Late on Friday, November 19th, the producer of the Today with Pat Kenny show asked me to read and review Suffer the Little Children by Mary Raftery and Eoin O'Sullivan for the following Monday. I was adamant that I could not do so, but eventually she persuaded me.

On December 10th, 1999, Fintan O'Toole declares that "Breda O'Brien, a sincere and committed journalist, has made extravagant claims about her own alleged ability to uncover flawed research in Suffer the Little Children. (One shudders to think what an insincere and uncommitted journalist might be capable of.)" He says that I would prefer to think that child abuse did not happen, that I claimed survivors of child abuse were misremembering or imagining their experiences, that I then apologised for so implying.

He says the context in which I made my "attack" on Suffer the Little Children was the belief that this was all "some kind of awful nightmare that will go away when we all wake up." He claims my "attack" comes down to just two issues, and then goes on to list three.

His litany of inaccuracies, omissions, damaging allegations and mischievous half-truths illustrates perfectly the impossible position a person who has been misrepresented finds herself in.

It is exactly like answering "When did you stop beating your husband?" to have to say that you are not an apologist for child abuse; that you never claimed that people were misremembering their experiences; that you apologised for any hurt you might have inadvertently caused anyone already greatly damaged by an appalling system, and not for alleging that they dreamt up their experiences, as O'Toole claimed.

The most charitable interpretation is that Fintan O'Toole did not listen to the Pat Kenny programme (the date of which he got wrong in his column).

Otherwise he would have heard me say: "One of the things I don't take issue with, Pat, is the reality of the abuse.
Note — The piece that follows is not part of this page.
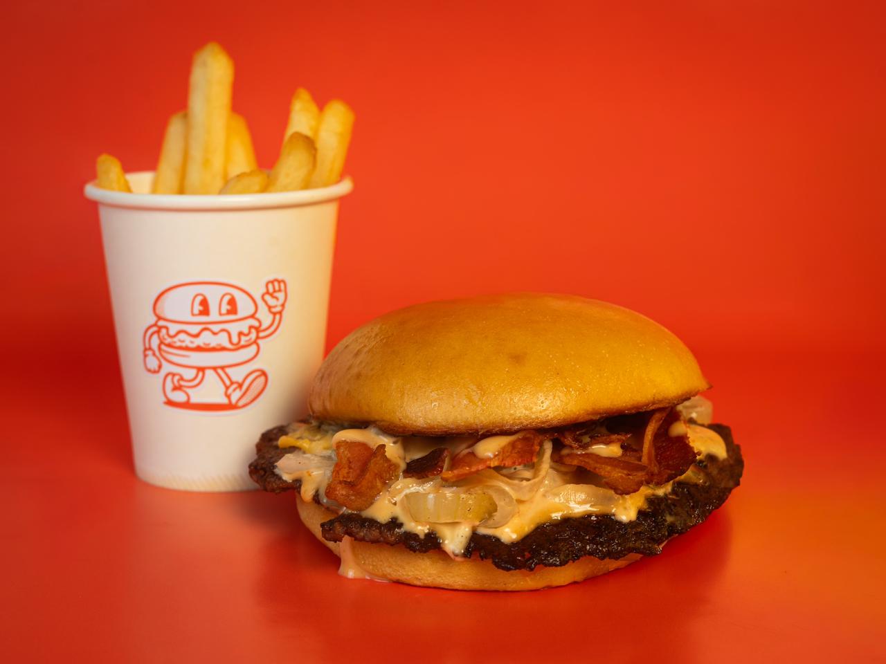 Hamburguesa con doble carne 100% picaña, con pan brioche, aderezo de la casa, tocino y cebolla caramelizada.
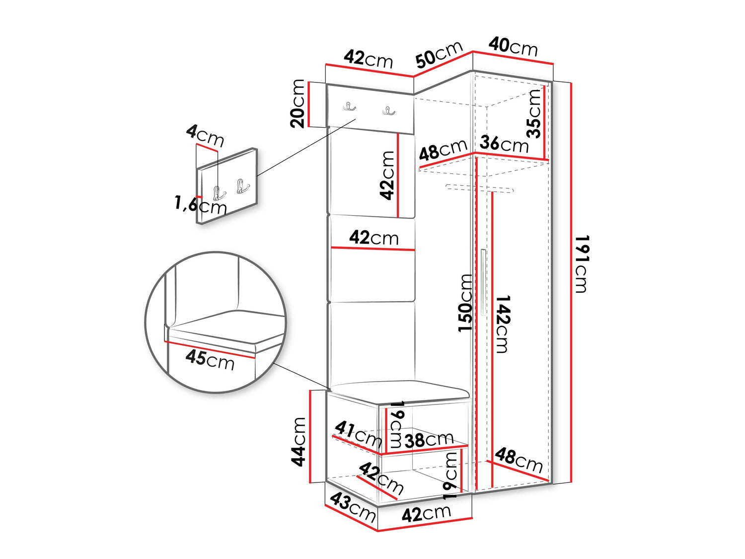 A szekrény méretei191 x 40 x 50 cm

I absolutely accept that. I accept totally the fact that people were battered, beaten, sexually abused and in some instances, starved. I accept that completely."

It is completely disingenuous to suggest that my problems with the book (which incidentally I praised as well as criticised) revolve around two or three minor issues. My contention is that the frame within which child abuse is investigated is too narrow and therefore distorts the whole picture.

The biggest flaw is that the authors state baldly that there were not just a few "bad apples" in the religious orders. In other words, the religious orders were either all bad apples or mostly bad apples.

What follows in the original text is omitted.